[DATASET SECTION]
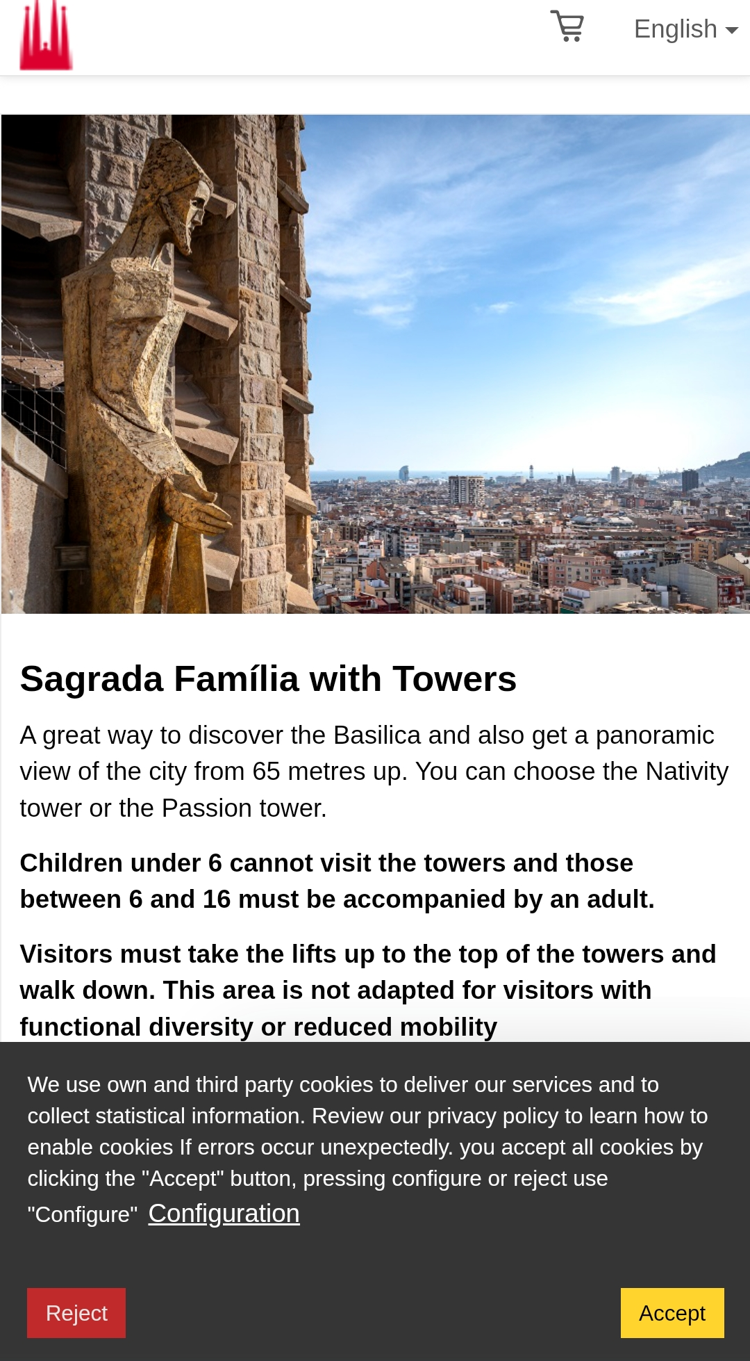 티켓 종류가 여러가지 있지만 타워 올라가실 분들은 Sagrada Familia with Towels 선택하시면 됩니다.
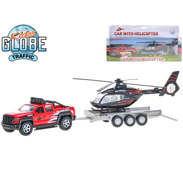 Kids Globe Traffic auto terénní 13cm kov na zpětný chod s přívěsem + helikoptéra 20cm
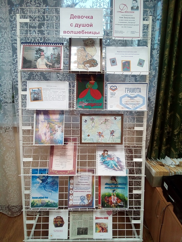 Выставка «Девочка с душой волшебницы». Это выставка с книгами и поделками Закусиловой Ани. За свои работы она получила призовые места в конкурсах. Про Аню и о посещение семьи Закусиловых в приют «Камские зори» было напечатана статья в еженедельнике «Моя газета».
[/DATASET SECTION]
**PROBLEM DESCRIPTION:** Output the data above exactly, beginning at its first line and ending with the line that holds "Kids Globe Traffic". Leave out the pictures and add nothing.

**RESPONSE TO THE EXERCISE:**
 티켓 종류가 여러가지 있지만 타워 올라가실 분들은 Sagrada Familia with Towels 선택하시면 됩니다.
 Kids Globe Traffic auto terénní 13cm kov na zpětný chod s přívěsem + helikoptéra 20cm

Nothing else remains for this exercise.